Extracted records
.....

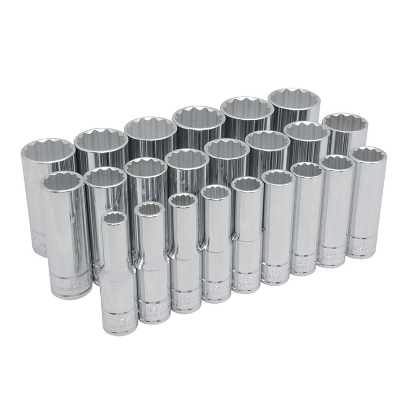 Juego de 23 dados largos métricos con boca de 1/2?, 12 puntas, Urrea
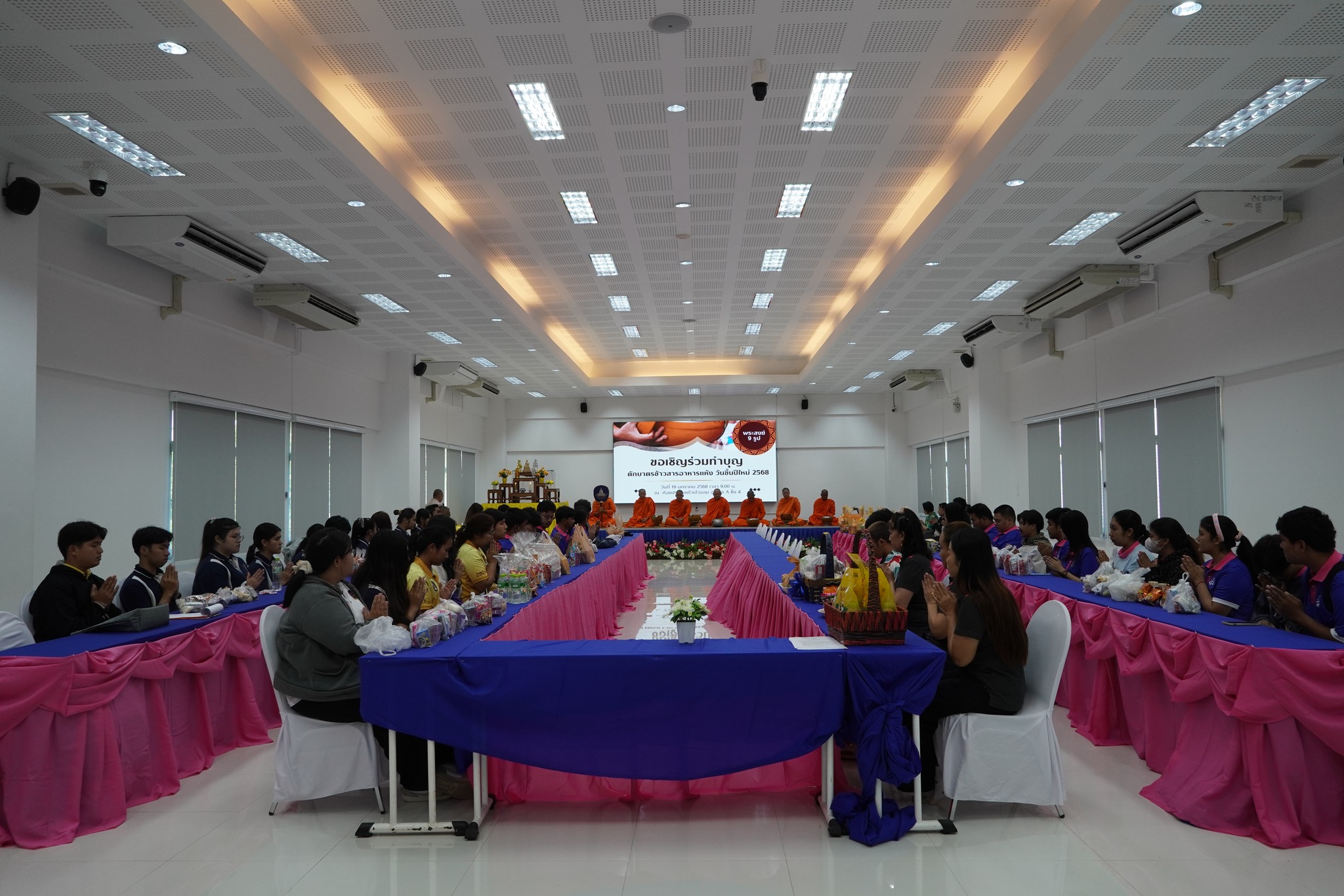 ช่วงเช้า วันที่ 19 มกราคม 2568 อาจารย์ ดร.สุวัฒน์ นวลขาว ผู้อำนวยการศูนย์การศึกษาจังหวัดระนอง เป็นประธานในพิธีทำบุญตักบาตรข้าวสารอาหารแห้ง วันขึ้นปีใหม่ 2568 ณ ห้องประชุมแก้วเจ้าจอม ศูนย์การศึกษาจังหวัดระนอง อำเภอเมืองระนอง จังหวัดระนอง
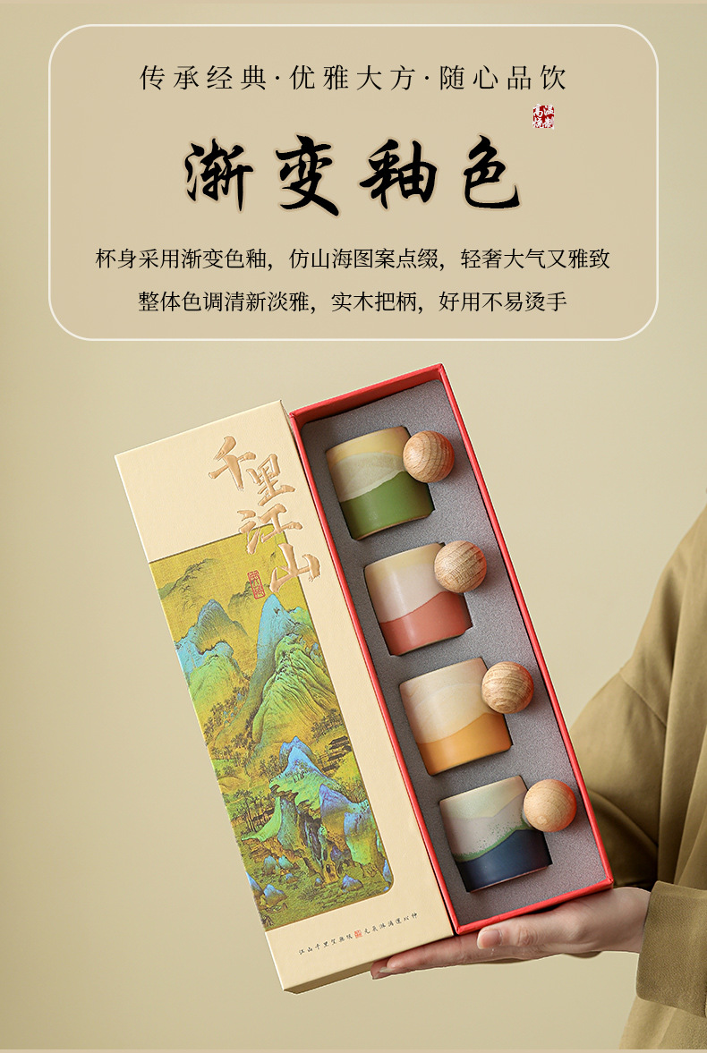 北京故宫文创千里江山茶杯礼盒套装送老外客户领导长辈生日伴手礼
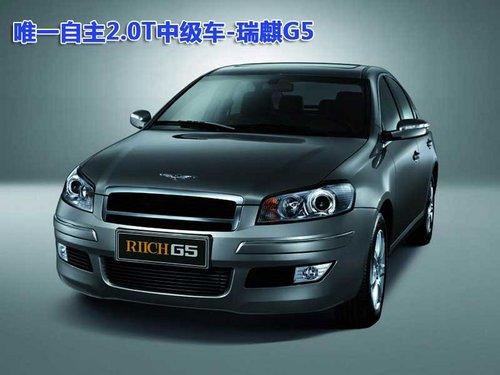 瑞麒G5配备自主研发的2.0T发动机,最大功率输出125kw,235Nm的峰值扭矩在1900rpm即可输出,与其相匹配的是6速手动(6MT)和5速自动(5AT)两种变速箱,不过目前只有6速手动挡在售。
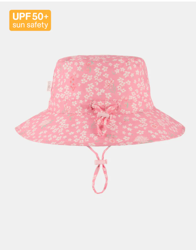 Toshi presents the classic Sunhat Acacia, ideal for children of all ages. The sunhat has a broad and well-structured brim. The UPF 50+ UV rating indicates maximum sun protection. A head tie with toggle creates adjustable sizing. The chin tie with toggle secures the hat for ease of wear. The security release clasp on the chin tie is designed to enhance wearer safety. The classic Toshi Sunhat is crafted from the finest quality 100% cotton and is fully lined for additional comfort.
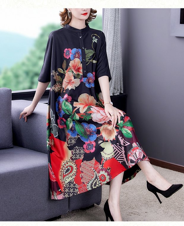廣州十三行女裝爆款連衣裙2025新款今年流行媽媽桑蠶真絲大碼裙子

.....

_EXERCISE DETAILS_. The line containing "瑞麒G5配备自主研发的2.0" marks the end: copy exactly every line from the start of the records up to and including it, leaving out the pictures.

_RESPONSE_.
 Juego de 23 dados largos métricos con boca de 1/2?, 12 puntas, Urrea
 ช่วงเช้า วันที่ 19 มกราคม 2568 อาจารย์ ดร.สุวัฒน์ นวลขาว ผู้อำนวยการศูนย์การศึกษาจังหวัดระนอง เป็นประธานในพิธีทำบุญตักบาตรข้าวสารอาหารแห้ง วันขึ้นปีใหม่ 2568 ณ ห้องประชุมแก้วเจ้าจอม ศูนย์การศึกษาจังหวัดระนอง อำเภอเมืองระนอง จังหวัดระนอง
 北京故宫文创千里江山茶杯礼盒套装送老外客户领导长辈生日伴手礼
 瑞麒G5配备自主研发的2.0T发动机,最大功率输出125kw,235Nm的峰值扭矩在1900rpm即可输出,与其相匹配的是6速手动(6MT)和5速自动(5AT)两种变速箱,不过目前只有6速手动挡在售。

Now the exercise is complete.